This phase aims to identify promising architectures in the search space so that the following exploitation phase can focus on a pruned space formed by these architectures instead of the entire search space.

Similar to a conventional RL-NAS as discussed in Section II, We use a *controller*, a *trainer*, and an *evaluator* for

the exploration phase. However, different from the RL-NAS that trains the *controller* until an optimal architecture is found, which can be extremely slow, each time this phase only runs for  $N$  episodes (continuing from the previous run) and then predicts a set of architectures **SN**. The episode number  $N$  is specified by the user. Smaller  $N$  means higher granularity, thus offering higher performance but requiring longer search time.

Reckoning the fact that the performance of RL in its early stages may not be good, we keep track of all the architectures and the associated rewards identified in the exploration phase. At the end of the  $t^{th}$  exploration phase, a total of  $N \cdot t$  architectures and rewards are explored and the top architectures in them form the pool to identify the most promising subset **SN**.

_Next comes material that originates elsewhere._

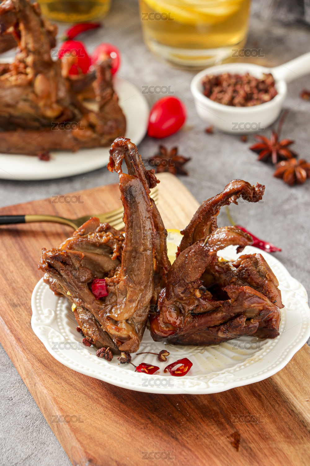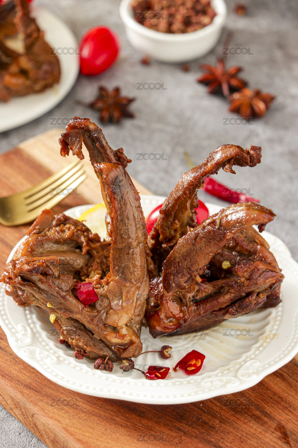 盘子放着香辣鸭锁骨卤味

Moreover, the *trainer* only trains the predicted architecture for a limited number of epochs for the sake of time efficiency. Thus, the rewards gathered by the *evaluator* (described in Section D) are inaccurate, and selecting the top ones based on such inaccurate rewards can easily miss out on good candidates. To address this issue, we take a two-step pruning approach. We first identify  $P$  architectures with the highest rewards out of the  $N \cdot t$  architectures in the pool as the candidates, where  $P$  is specified by the user. These  $P$  architectures are then trained to converge to get their exact rewards. Apparently, a larger  $P$  provides better performance (with more precise rewards) at the cost of longer search time.  $P$  is chosen in early experiments so that the execution time of the exploration and exploitation phase are equal and can thus be executed in parallel without waiting for each other's output. With the  $P$  candidate architectures and their exact rewards, we can further identify a subset of them with the highest rewards to form **SN**, which are then used in the exploitation phase to form a SuperNet and identify the best architecture.

## C. Exploitation Phase

In the exploitation phase, we first take in the neural architecture set **SN** generated in the exploration phase to build a SuperNet that is under GPU memory capacity and reflects the pruned search space.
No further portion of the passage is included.